Don NORTON and Karen Otterson, Plaintiffs–Appellants,
v.
CITY OF SPRINGFIELD, ILLINOIS, et al., Defendants–Appellees.

No. 13–3581.

United States Court of Appeals, Seventh Circuit.

Aug. 7, 2015.


806 F.3d 411

Mark G. Weinberg, Law Office of Mark G. Weinberg, Adele D. Nicholas, Chicago, IL, Matthew A. Brill, Noel E. Miller, Matthew Murchison, Latham & Watkins LLP, Washington, DC, for Plaintiffs–Appellants.

Steven C. Rahn, Matthew Robert Trapp, Office of the Corporation Counsel, Springfield, IL, for Defendants–Appellees.

Opinion

EASTERBROOK, Circuit Judge.

Our first decision in this appeal concluded that Springfield's anti-panhandling ordinance does not draw lines based on the content of anyone's speech. Because the litigants agreed that the ordinance's validity depends on this issue, we affirmed the district court's decision. 768 F.3d 713 (7th Cir.2014). We deferred consideration of the petition for rehearing until the Supreme Court decided Reed v. Gilbert,––– U.S. ––––, 135 S.Ct. 2218, 192 L.Ed.2d 236 (2015). Shortly after deciding Reed,the Court remanded Thayer v. Worcester,755 F.3d 60 (1st Cir.2014), a panhandling-ordinance decision on which our first opinion

806 F.3d 412

had relied, for further consideration in light of Reed.––– U.S. ––––, 135 S.Ct. 2887, –––L.Ed.2d –––– (2015). At our request, the parties filed supplemental memoranda discussing Reed. We now grant the petition for rehearing and apply Reedto Springfield's ordinance.

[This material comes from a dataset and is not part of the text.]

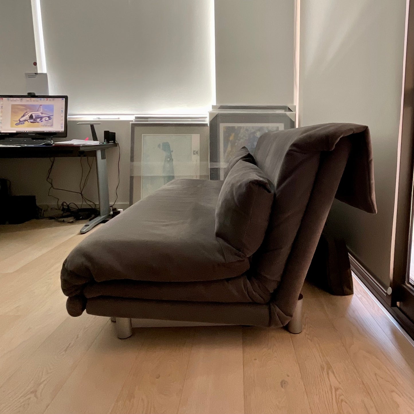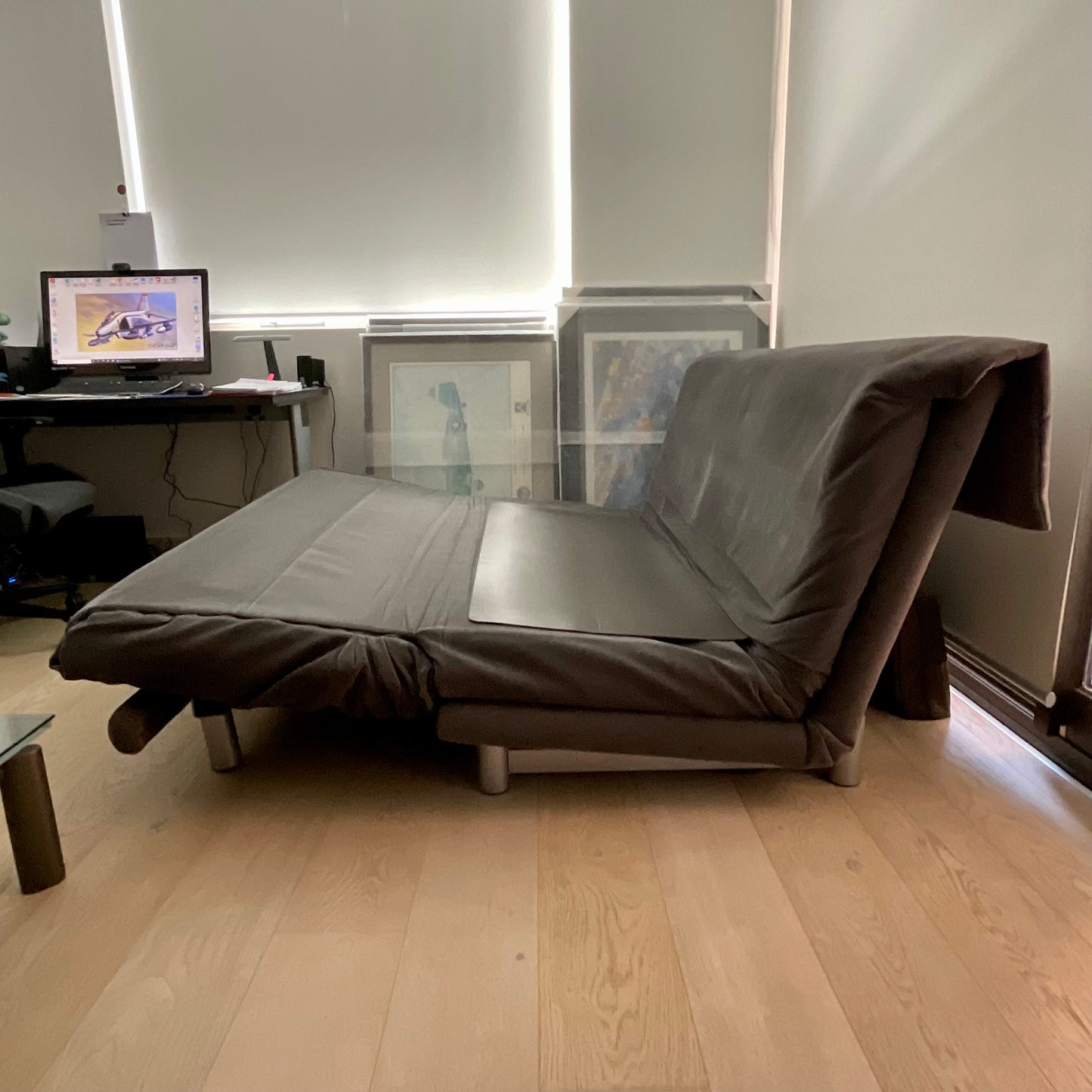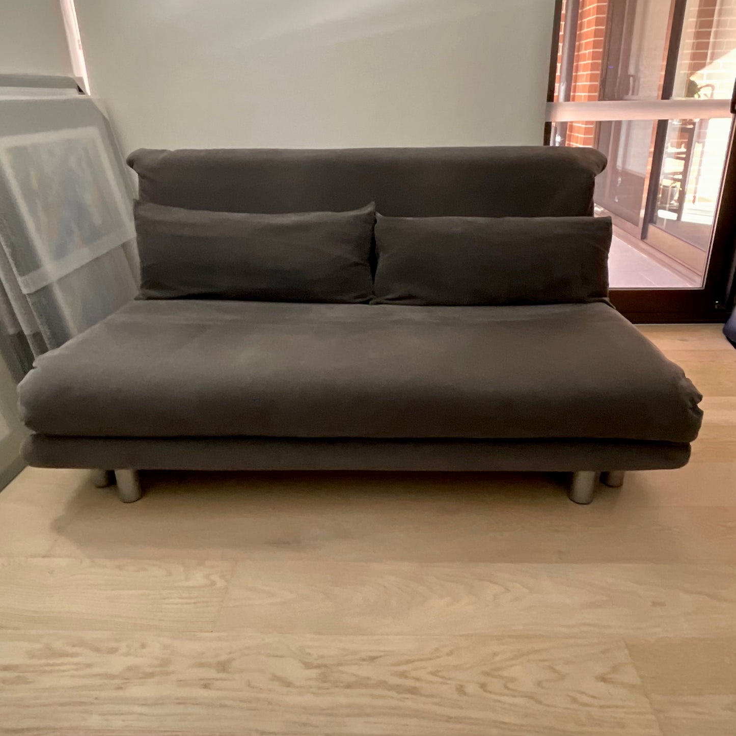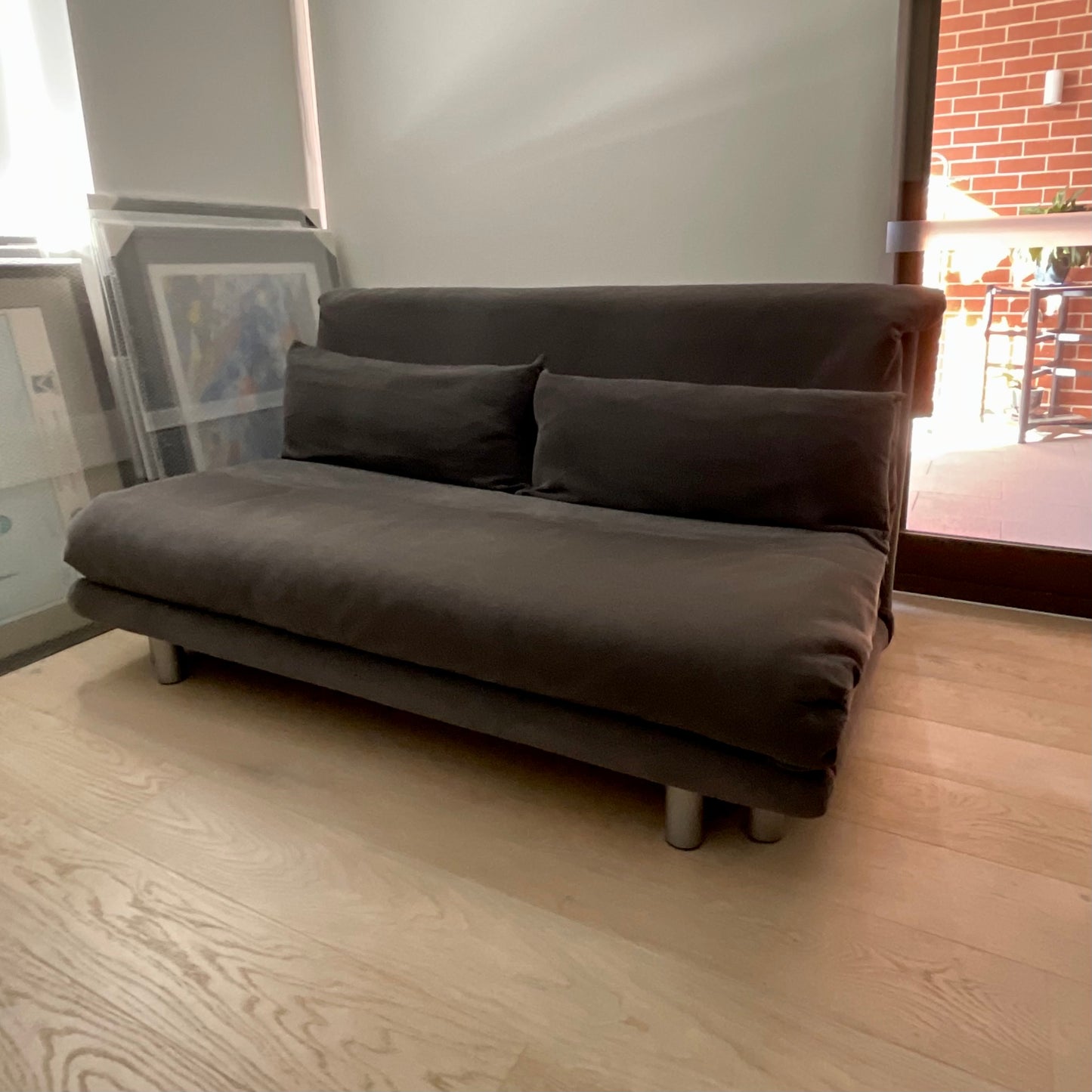 Ligne Roset’s Multy sofa bed is an indispensable piece for modern living. Designed by Claude Brisson, the Multy is truly versatile. As a sofa, the Multy is supremely comfortable and displays sleek lines; folded out to a chaise lounge, it offers luxurious space for repose; and laid flat, Multy transforms to a stylish bed for guests to offer a serene night’s sleep. Available in a range of varied fabrics and colours, the Ligne Roset Multy sofa bed can be customised to suit every home’s interior décor. MULTY has been specially designed for use as a bed on an everyday basis. MULTY offers three positions: sofa, chaise-longue and sofabed. Made in France. The Multy we have on offer is in a grey fabric. The base and back is polyether foam.

As our first opinion explained, § 131.06 of Springfield's Municipal Code

prohibits panhandling in its “downtown historic district”—less than 2% of the City's area but containing its principal shopping, entertainment, and governmental areas, including the Statehouse and many state-government buildings. The ordinance defines panhandling as an oral request for an immediate donation of money. Signs requesting money are allowed; so are oral pleas to send money later. Springfield evidently views signs and requests for deferred donations as less impositional than oral requests for money immediately, which some persons (especially at night or when no one else is nearby) may find threatening.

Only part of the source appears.